Moody's cuts Brown Jordan, on review

Moody's Investors Service downgraded Brown Jordan International, Inc. (formerly Winsloew Furniture, Inc.) and put it on review for further possible downgrade. Ratings lowered include Brown Jordan's $60 million senior secured revolving credit facility due 2006 and $165 million senior secured term loan due 2006, cut to B1 from Ba3, and $105 million senior subordinated notes due 2007, cut to B3 from B2.

Moody's said the downgrade reflects Brown Jordan's diminished operating performance levels and constrained liquidity profile (with respect to covenant proximity) since the May 2001 acquisition of BJI, as well as its ongoing exposure to weak demand in its key operating segments.

Moody's review will focus on Brown Jordan's ability to manage through a difficult near-term operating environment, particularly with respect to available liquidity sources and the ability to manage working capital levels. Moody's will also assess actions that management is taking to improve sustainable long-term sales, profitability and cash flow generation.

Although the company generates enough cash for its mandatory term loan and interest payments, further deterioration could constrain debt repayment capacity and financial flexibility beyond levels appropriate for the B1 rating category, Moody's said.
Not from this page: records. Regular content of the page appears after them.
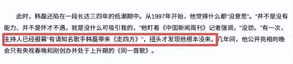 韓磊在節(jié)目里還挺有眼光的,當(dāng)年鄧紫棋還沒現(xiàn)在這么火的時(shí)候,他就說這姑娘以后肯定會(huì)紅。果然被他看準(zhǔn)了。韓磊自己也是靠實(shí)力一路唱出來的,早年一首《走四方》直接把他送上了春晚。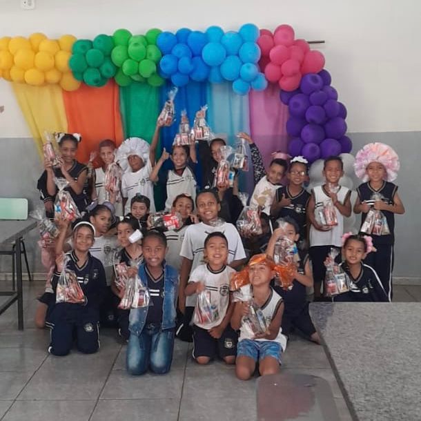 Para completar a comemoração, cada aluno recebeu um kit de guloseimas, preparado com muito carinho.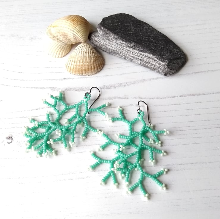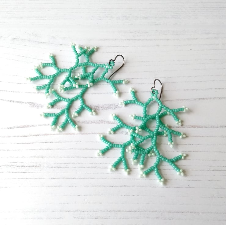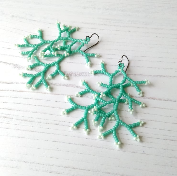 Lightweight and eye-catching, I have used glass seed beads in a pastel mint green, plus accent beads in a light green. Each earring consists of two “fronds”, so the earrings have a nice bit of movement to them.

The company's performance in recent quarters has been negatively impacted by margin pressures, particularly with an increasing proportion of sales to mass merchandisers versus dealers, significant sales declines in contract furniture (hospitality), and customer losses in the RTA business.

Brown Jordan's proximity to covenant levels (maximum leverage of 5.65x for the fiscal year ending 2002) could restrict borrowing capacity going forward. Finally, Moody's noted that capital expenditures are currently running below depreciation and historical levels, which could lead to a less efficient production platform if not addressed over time. Debt to EBITA for the 12 months ended September 2002 was near 5.7x compared to the May 2001 pro forma estimate of 4.3x.